I have a column "place" in my table which contains data about a place that looks like:
{ "id" : "94965b2c45386f87", "name" : "New York", "boundingBoxCoordinates" : [ [ { "longitude" : -79.76259, "latitude" : 40.477383 }, { "longitude" : -79.76259, "latitude" : 45.015851 }, { "longitude" : -71.777492, "latitude" : 45.015851 }, { "longitude" : -71.777492, "latitude" : 40.477383 } ] ], "countryCode" : "US", "fullName" : "New York, USA", "boundingBoxType" : "Polygon", "URL" : "https://api.twitter.com/1.1/geo/id/94965b2c45386f87.json", "accessLevel" : 0, "placeType" : "admin", "country" : "United States" }
From this, I want to extract the country name.
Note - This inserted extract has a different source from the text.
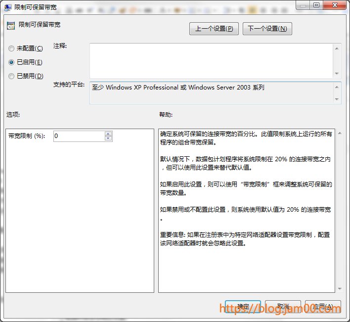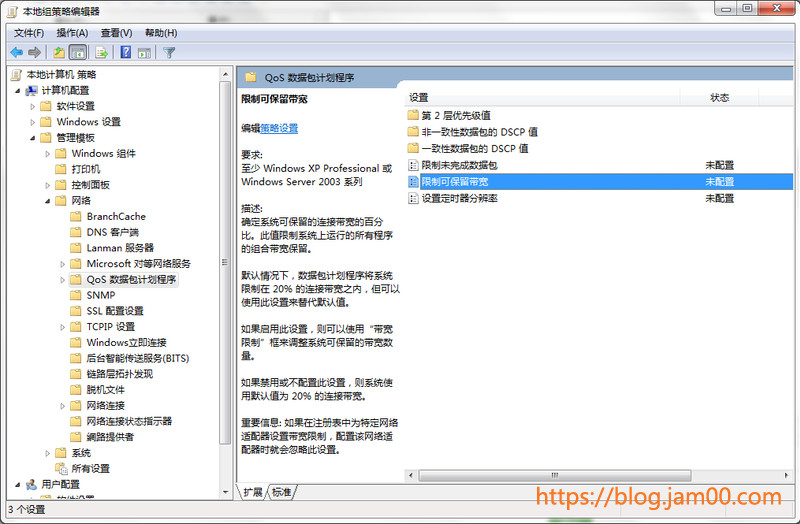 Windows 网速 Windows7限制电脑网速的问题 2018-02-06 14:28 2132 更新于 2018-02-06 14:28 家里办了100M的宽带,但是下载资源好的电影或文件总是达不到10M。但是测速又是9M左右,基本是正常的。 上网百度了下,在win7的两个地方做了下修改,记录下 ### 修改网卡设置 右击`计算机`->`选择属性`->点击左上角的`设备管理器`-> 展开`网络适配器`-> `右击网卡选择属性`->点击`高级`选项->选择`连接速度和双工模式`->在右侧选择`100Mbps 全双工`或`自动侦测` 设备管理器  网卡属性  一般来说,这里是自动侦测的,我是100M的宽度,我就直接选择 “100Mbps 全双工”。 之前我办了的50M的宽带,结果这里设置是 “10Mbps 全双工”,下载速度一直是 1M 左右 ### QoS 数据包设置 win键(左下角Ctrl键或Fn键 和 Alt键之间,有些键盘会有Fn键)+R键 打开运行窗口,或者点击`开始`搜索`运行`后再点击搜索出来的`运行` 在运行窗口输入 `gpedit.msc`,然后回车或点击确定进入策略组 如下图依次展开  双击`限制可保留带宽`,在弹出的窗口中选择`已启用`,带宽限制处填写0,然后点击应用。一般来说这项是未配置或禁用的  也可以设置 20% 来限制当前这台电脑的带宽。

I have tried the following code:
loc <- t1$place
loc = gsub('"', '', loc)
loc = gsub(',', '', loc)
to clean up the string and now it looks like this:
"{ id : 00ed6f0947c230f4 name : Caloocan City boundingBoxCoordinates : [ [ { longitude : 120.9607709 latitude : 14.6344661 } { longitude : 120.9607709 latitude : 14.7873208 } { longitude : 121.1015117 latitude : 14.7873208 } { longitude : 121.1015117 latitude : 14.6344661 } ] ] countryCode : PH fullName : Caloocan City National Capital Region boundingBoxType : Polygon URL : https://api.twitter.com/1.1/geo/id/00ed6f0947c230f4.json accessLevel : 0 placeType : city country : Republika ng Pilipinas }"
Now to extract the country name, I want to use the word() function:
word(loc, n, sep=fixed(" : "))
where n in the position of the country name I still did not count. But this function gives the correct output when n=1 but gives an error for any other vaue of n:
Error in word[loc, "start"] : subscript out of bounds
Why is that happening? The loc variable certainly has more words with that separation. Or can someone suggest a better way of extracting the country name from that field?
EDIT: t1 is the dataframe that consists my entire table. Presently I am interested only in the place field of my table which has the information in the above mentioned format. Hence I am trying to load the place field into a separate variable called "loc" using the basic assignment instruction:
loc <- t1$place
In order to read it as a JSON, the place field needs to be delimited by single quotes which it is not originally. I have 2 millions rows in my table so I really can't manually add the delimiters.